Official Name: | Blackheath |
Map Type: | West Midlands |
Country: | England |
Region: | West Midlands |
Population: | 12,292 |
Population Ref: | (2011) |
Os Grid Reference: | SO9786 |
Coordinates: | 52.476°N -2.037°W |
Post Town: | ROWLEY REGIS |
Postcode Area: | B |
Postcode District: | B65 |
Dial Code: | 0121 |
Constituency Westminster: | Halesowen and Rowley Regis |
Metropolitan Borough: | Sandwell |
Shire County: | Staffordshire (Worcestershire after 1966) |
Metropolitan County: | West Midlands |
Static Image Name: | Blackheath WM Marketplace.jpg |
Static Image Caption: | Blackheath Marketplace |
Blackheath is a town in the Sandwell Metropolitan Borough, in the county of West Midlands, England.
Before 1841, Bleak Heath or Blake Heath was a small group of farm houses and inns on the turnpike road from Oldbury to Halesowen, within Rowley Regis. The changes brought about by the Industrial Revolution led to a Private Act in June that year that allowed the sale of the Rowley Regis glebe lands in order to finance the building of a new vicarage.
The land was purchased by developers who, throughout the remainder of the 19th century, expanded Blackheath as a dormitory town for the surrounding industries, in particular, the coal mine at Coombes Wood and the Hailstone quarry. Workers migrated to Blackheath from across England and particularly from Wales until the town and its neighbours grew to form the existing conurbation with nearby Birmingham.
The parish of St Paul was established in 1865 as a distinct entity from that of Rowley Regis and the new church consecrated in 1869. There has also been a long tradition of nonconformism with many Methodist and Baptist chapels.
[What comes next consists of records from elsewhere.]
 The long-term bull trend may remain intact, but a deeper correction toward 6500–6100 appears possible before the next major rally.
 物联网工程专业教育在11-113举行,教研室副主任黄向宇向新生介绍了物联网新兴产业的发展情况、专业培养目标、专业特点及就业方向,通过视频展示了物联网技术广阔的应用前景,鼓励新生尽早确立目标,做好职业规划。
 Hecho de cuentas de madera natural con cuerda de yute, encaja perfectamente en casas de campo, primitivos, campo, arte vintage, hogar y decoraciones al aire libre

A market was established and an extension of the Great Western Railway linking Birmingham and Worcester opened a in the town in 1867.
Into the 20th century, manufacturing grew and extractive industries declined with the last coal mine closing in 1919. Major employers were the fasteners business at the Excelsior Works of Thomas William Lench and the electrical engineering business of British Thomson-Houston (BTH). Manufacturing remained the main source of income up to the start of the 21st century with the BTH works still in operation though in the intervening years it has worked under the successive names of AEI, GEC, GEC-ALSTHOM, Hawker Siddeley, BTR and Electrodrives.
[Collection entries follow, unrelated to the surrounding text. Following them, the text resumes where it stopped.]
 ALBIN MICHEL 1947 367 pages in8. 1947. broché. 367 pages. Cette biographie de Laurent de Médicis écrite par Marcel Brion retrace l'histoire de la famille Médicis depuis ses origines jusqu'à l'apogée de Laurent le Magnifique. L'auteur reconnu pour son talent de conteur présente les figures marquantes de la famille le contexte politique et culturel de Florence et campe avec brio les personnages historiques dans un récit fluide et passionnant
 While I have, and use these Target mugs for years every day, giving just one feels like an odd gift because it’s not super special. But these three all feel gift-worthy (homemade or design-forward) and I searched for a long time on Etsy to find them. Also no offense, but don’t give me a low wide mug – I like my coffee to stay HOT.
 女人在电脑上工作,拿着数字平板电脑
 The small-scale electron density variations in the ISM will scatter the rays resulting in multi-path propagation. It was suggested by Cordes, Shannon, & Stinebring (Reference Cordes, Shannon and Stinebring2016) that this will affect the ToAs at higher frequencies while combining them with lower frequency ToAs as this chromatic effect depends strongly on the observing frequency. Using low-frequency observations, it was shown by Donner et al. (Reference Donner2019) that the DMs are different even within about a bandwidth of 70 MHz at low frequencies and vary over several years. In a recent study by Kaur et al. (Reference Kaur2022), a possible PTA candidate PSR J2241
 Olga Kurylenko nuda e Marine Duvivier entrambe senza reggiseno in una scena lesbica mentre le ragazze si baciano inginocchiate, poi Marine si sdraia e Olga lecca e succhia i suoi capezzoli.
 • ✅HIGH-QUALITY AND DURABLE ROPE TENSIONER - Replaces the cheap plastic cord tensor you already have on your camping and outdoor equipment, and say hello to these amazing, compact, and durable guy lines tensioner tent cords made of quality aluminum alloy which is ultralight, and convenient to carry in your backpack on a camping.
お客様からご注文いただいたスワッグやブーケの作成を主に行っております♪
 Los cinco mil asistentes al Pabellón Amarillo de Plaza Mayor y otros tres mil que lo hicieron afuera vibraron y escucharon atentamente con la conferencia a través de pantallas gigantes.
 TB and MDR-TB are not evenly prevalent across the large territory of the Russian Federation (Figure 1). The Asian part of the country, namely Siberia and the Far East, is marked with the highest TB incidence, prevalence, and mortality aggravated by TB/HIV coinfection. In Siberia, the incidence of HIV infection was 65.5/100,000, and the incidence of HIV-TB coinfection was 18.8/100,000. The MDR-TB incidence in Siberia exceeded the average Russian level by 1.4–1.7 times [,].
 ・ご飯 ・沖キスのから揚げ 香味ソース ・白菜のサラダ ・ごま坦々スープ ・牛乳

Blackheath was part of the borough of Rowley Regis until 1966, when it became part of the county borough of Warley. Since 1974 it has formed part of the metropolitan borough of Sandwell.
It was historically part of Staffordshire until 1966, when the boundaries were altered to incorporate the new borough of Warley into Worcestershire. Since 1974, it has been part of the West Midlands metropolitan county.
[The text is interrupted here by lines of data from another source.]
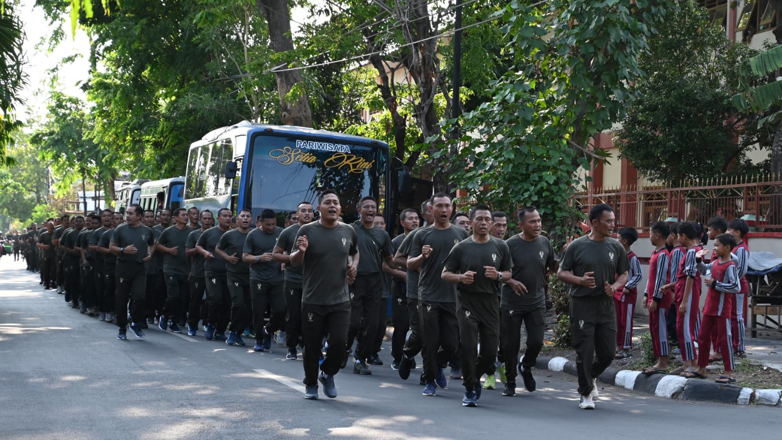 SUKOHARJO – Dandim 0726/Sukoharjo Letkol Czi Slamet Riyadi, S.E., bersama seluruh anggota Kodim 0726/Sukoharjo menjaga kebugaran tubuh dengan melaksanakan olah raga senam dan lari bersama di seputaran kota Sukoharjo. Kegiatan dilanjutkan dengan memberikan Jam Komandan dan Santi Aji kepada anggota bertempat di Makodim 0726/Sukoharjo, sebagai upaya Pembinaan Personel, Selasa (21/11/2023).
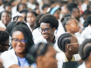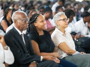 La gratitude a également constitué un thème central de la réflexion. Les étudiants ont rappelé que Dr Aristide avait exprimé sa reconnaissance envers les membres du conseil d’administration, le corps professoral, les parents des diplômés ainsi que son épouse, Mildred Aristide.
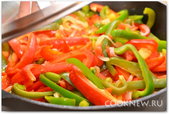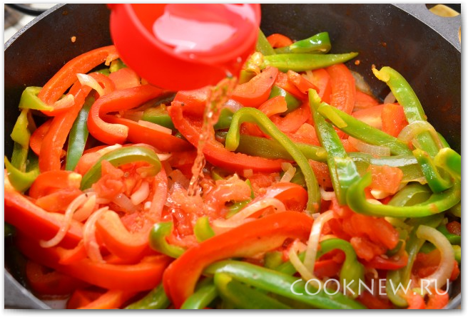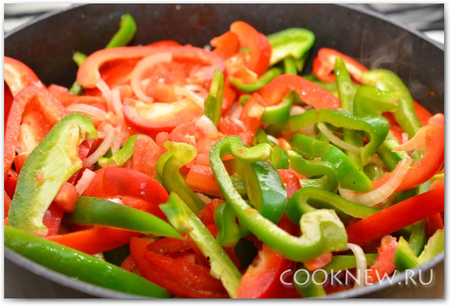 Если в сковороде образовалось много жира, слейте его, чтобы осталась примерно 1 ст.л. Выкладываем в сковороду лук, чеснок, перец и помидоры. Убавляем огонь до минимума и тушим 10 минут
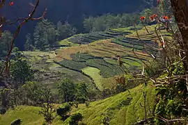 Terraced rice farming in Nepal.
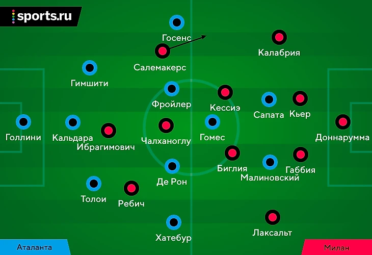 В таком ходе был смысл. В типичной схеме персонального прессинга с Калабрией играл Госенс, но позиция Калабрии оказывалась слишком глубокой, идти так высоко было рискованно для латераля. Но «Аталанта» адаптировалась – с Калабрией просто стал играть Папу Гомес, опорники выдвигались выше:
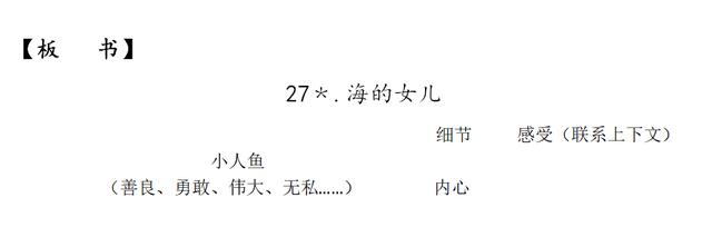2. 借助“细节+感受”的方法品读人物,抓关键词句揣摩小人鱼的心理,深入体会小人鱼的善良,对爱执着追求的人物形象。

Blackheath has always been a predominantly working class area dominated by modest housing. The town was hard hit by the economic slow-down of the 1970s and unemployment of the early 1980s. However, in the 1990s the town became more prosperous with improving housing stock and some substantial development in town centre stores and improvement in the road network. A J Sainsbury supermarket opened in the town centre around this time.
Blackheath has many transport links with buses travelling throughout the borough and Rowley Regis railway station is nearby.
Blackheath Primary School is located in the area,[1] and was originally built by Rowley Regis urban district council on Powke Lane during the late 19th century, incorporating a 5-7 infant school and 7-11 junior school and later including a nursery unit for 3 and 4 year olds. The schools merged in September 1990 to form Blackheath Primary School.[2] It relocated to a site on Britannia Road, previously occupied by Britannia High School, in September 2005.
Football team Blackheath Town F.C. played in the West Midlands (Regional) League Division One (South) but are now just a youth development squad.
On 6 April 1959, the town was the scene of the first major racially motivated incident in the West Midlands when some 30 Teddy Boys clashed with a group of black people.[3]
With rising traffic on local roads after the Second World War, Blackheath became a congestion hotspot. Things improved slightly with the construction of a new road around the north of the town centre towards the end of the 1970s, but this was only of use to traffic coming to and from Cradley Heath and Brierley Hill. Motorists travelling from Quinton still had to negotiate the original route that was little better than it had been in the days before cars. This problem was solved in 2006 with a new relief road that circles the eastern half of the town centre and diverts traffic coming from Halesowen, Quinton and Oldbury.
Blackheath has some of the strongest public transport links in the Black Country. It has direct bus and rail links with Birmingham, while the extensive bus network gives locals a direct route to Oldbury, Halesowen, Dudley, Cradley Heath, West Bromwich, Wolverhampton, Merry Hill Shopping Centre and Walsall.